The Biggest Scandal In The History Of Racing (Games)

'TrackMania's best players may have been Lance Armstronging it the entire time.
The Biggest Scandal In The History Of Racing (Games)

TrackMania is an extremely popular racing series, and as such, it has attracted a bunch of digital Dominic Torettos vying to be the best.

But, YouTuber Wirtual recently revealed compelling evidence pointing to the likelihood that one of TrackMania's best players may have been Lance Armstronging it the entire time. But with video game cars, instead of a real bike. Unless Lance also cheated at whatever bullshit cycling video game Grandmas buy disappointed kids.

TrackMania legend Riolu seemingly achieved leaderboard-topping times not just in an illegal manner, but worse -- in one that's boring as well. He allegedly did not use hacks that made his car go faster or explode his opponent's tires, but through a legitimate feature within TrackMania that slows down the game itself. By playing the game in slow-motion, cheaters gain way more time to execute complex inputs with precision and later cover their tracks by submitting the in-engine recording at regular speed. Imagine the challenge of beating Max Payne if you could do an entire playthrough with bullet-time mode on. The tampering is impossible to spot with the naked eye, but there's a program that gives away cheaters by capturing and showing their inputs during the game. Their inputs come at much higher speeds than what we assume possible from anyone outside the Speed Racer family.

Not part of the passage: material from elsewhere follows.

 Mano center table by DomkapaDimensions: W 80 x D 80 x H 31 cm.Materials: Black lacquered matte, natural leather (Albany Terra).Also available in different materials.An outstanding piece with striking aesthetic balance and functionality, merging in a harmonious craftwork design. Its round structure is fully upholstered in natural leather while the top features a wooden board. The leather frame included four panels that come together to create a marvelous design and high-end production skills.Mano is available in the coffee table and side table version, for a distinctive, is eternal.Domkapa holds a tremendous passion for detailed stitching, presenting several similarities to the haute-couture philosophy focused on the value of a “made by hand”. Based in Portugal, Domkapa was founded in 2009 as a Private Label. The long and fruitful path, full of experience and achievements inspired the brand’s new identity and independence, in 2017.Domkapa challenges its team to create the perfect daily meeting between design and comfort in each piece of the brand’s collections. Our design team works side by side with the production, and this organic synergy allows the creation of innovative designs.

Wirtual questioned another big name in the scene, technoTM, whose twitchy inputs are similar to those of Riolu. 

Surprisingly, he took it like a champ (of mischief) and quickly admitted to using bullet-time. technoTM specifically cites the pressure to keep up with Riolu as the reason why he copied Riolu's techniques to regain his world records. This should probably get you worried about how honest players in the scene might be feeling. Just kidding, it seems like there aren't that many honest competitors anyway. This mess has been a thing for so long that it's likely most players atop the leaderboards have been doing it for nearly a decade.

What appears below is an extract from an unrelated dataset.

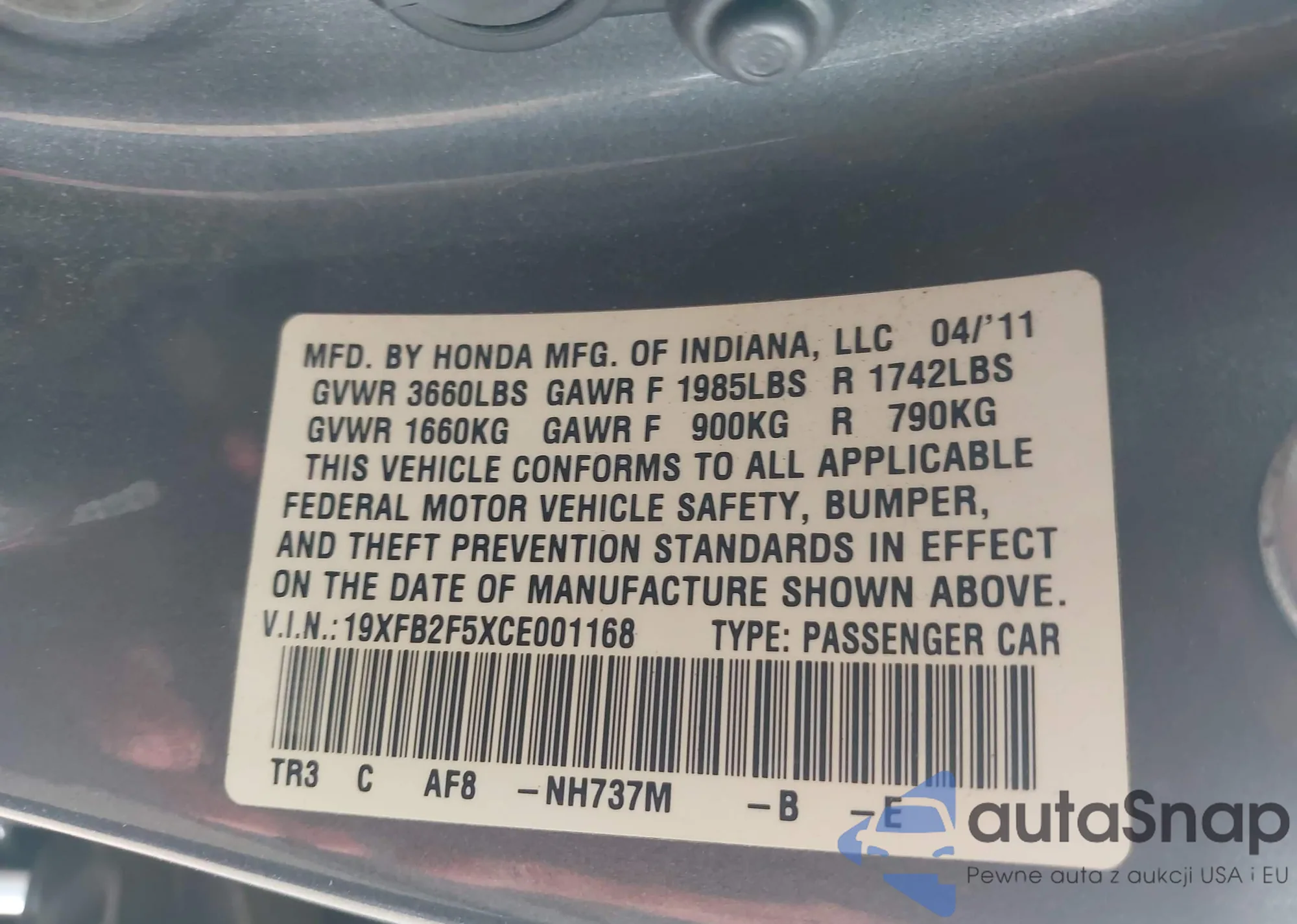 VIN: 19XFB2F5XCE001168

But the weirdest part is that Riolu is a genuinely talented player, one who's achieved amazing results in live competitions where he sure as hell couldn't have been cheating. A cool theory is that Riolu could have achieved his fake-ass scores in a legitimate manner but just couldn't be bothered to waste the time needed to become good enough to pull them off. That's not the need for speed we like, but it sure as hell is some sort of need for speed.